Googlegate: Mapping a scandal of global proportions
Google is not above the law
You design software how?
But in the interests of objectivity, even if we accept that this code was not noticed during the testing stage (which really is stretching the realms of possibility), once a project has been deployed testing continues on live data. This is important because once a project is deployed in the real world it often behaves differently to how it behaves in a lab environment. Resource efficiency needs to be checked, external factors need to be controlled or at least mitigated and data has to be accurate. This means that even if all the above stages failed to notice the data being generated by this code, once in a live environment it would be impossible to miss.
Frankly, for Google to even suggest that this is the case presents it as unprofessional for not adhering to basic project development principles - which given the success of Google and their market dominance would seem highly unlikely. One would not expect a company to have prevailed in the technology sector if it was delivering technologies in such a haphazard fashion.
Given my job, I have a responsibility to investigate these matters and report them to my colleagues at Privacy International so we can investigate further on whether or not we need to take any action. Given the above evaluation we decided that it was implausible to suggest that this was an accident and so we published an open letter insisting that the data collected should be retained as it was evidence which may be required for future prosecutions. We were deeply concerned that several regulators (including our own UK Information Commissioner) had asked Google to destroy this data and after discussing this with our legal advisers we put Google on notice for destruction of evidence. Google agreed to keep the data.
From that point we sought legal opinion on whether or not Google was likely to have breached criminal law in the UK, specifically the Regulation of Investigatory Powers Act 2000 (RIPA) and probably the Wireless Telegraphy Act 2006. RIPA covers the interception of communications without a warrant or the consent of all parties and the Wireless Telegraphy Act covers the unauthorised use of wireless stations and apparatus.
Allow me at this point to address all the people reading this piece yelling: “So what?
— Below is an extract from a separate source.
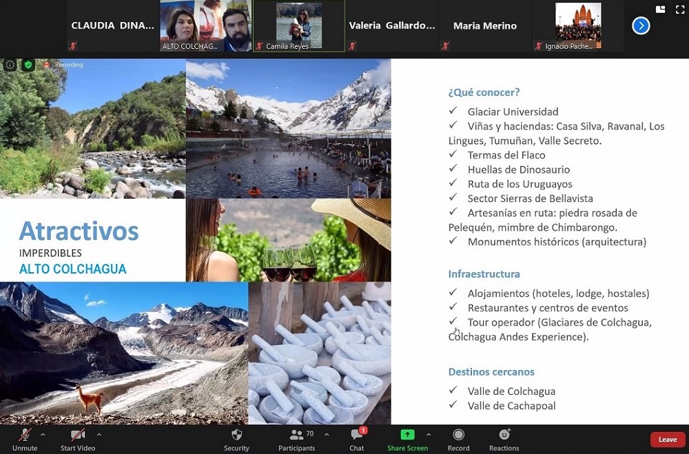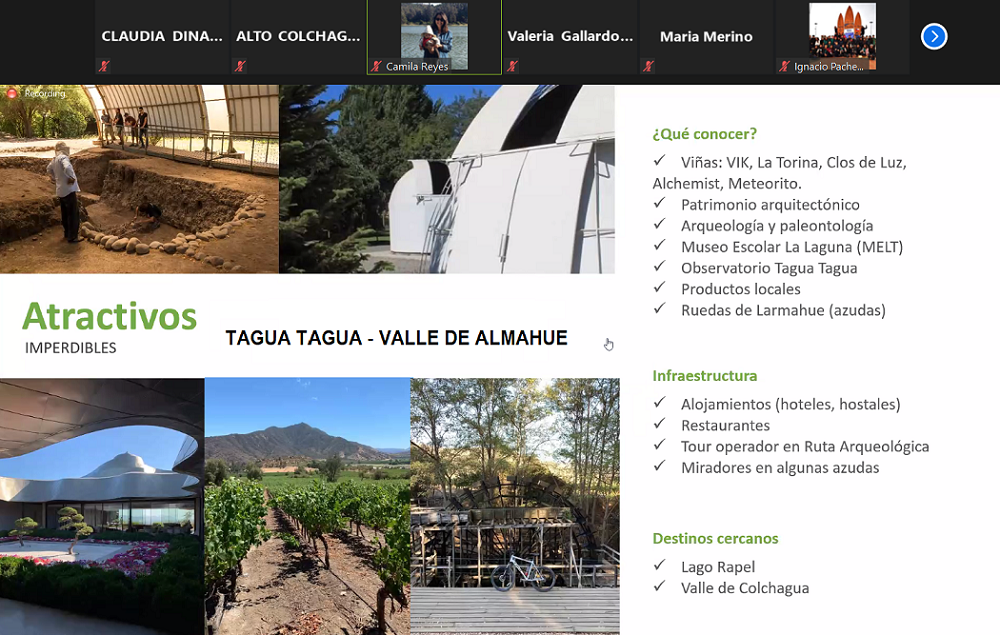 Gracias al trabajo colaborativo público – privado impulsado por Sernatur O’Higgins, se pudo coordinar esta actividad que reunió a representantes de los destinos de Alto Colchagua, Alto Cachapoal, Valle de Cachapoal, Lago Rapel, Tagua, Tagua–Valle de Almahue, Valle de Colchagua, Pichilemu y Navidad, para así dar a conocer la oferta turística de la región, para cuando sea el momento de la recuperación turística.

People should have encrypted their Wi-Fi networks.” First, I agree of course that people should encrypt their Wi-Fi networks – As a privacy advocate it would be folly for me to suggest otherwise. But as always these issues are not so simple. The vast majority of the general population are not technical experts, they have no understanding of what encryption is nor how their Wi-Fi networks work; they just plug them in and use them. This is not something we have a right to criticise - it is the nature of the real world in which we live and just because that data is exposed it certainly doesn't give anyone the right to exploit the situation.
Back to the matter at hand. We were convinced that this could not be set aside as accidental, but at the same time when taking on a behemoth such as Google it is important to get it right, so we felt we needed more evidence before taking any direct action.
Then on June 3rd 2010 as a result of ongoing class action suits in the US it emerged that Google had filed a patent application for similar technology in 2008, this reinforced our opinion that this could not have been rogue code. In order for a patent application to be filed, it seemed obvious to us that Google's legal department would have had to review the technology and submit the application. This also would suggest that the project had been funded which in itself would require the attention of managers, designers, developers and testers.
We had further discussions with our legal advisers and felt this latest information strengthened our case but we wanted to take a few days to decide what we were going to do. Before we had a chance to make that decision, Google made it for us.
On 9th June 2010 an independent audit of the software was released which clearly showed that this data had been processed in a deliberate manner. Google's software was not just sucking up all this Wi-Fi data and archiving it to disk, it was treating encrypted and unencrypted data differently.
The encrypted data is useless to Google. The company can't read it and therefore has no use for it, so it was discarded. However, the unencrypted data which Google has admitted to grabbing contains emails and information on web browsing and other internet activities does have a real commercial value attached to it, and Google saved that data to disk. This deliberate processing is a clear example of intent to process and indeed proves the data was actually processed in a non-arbitrary manner.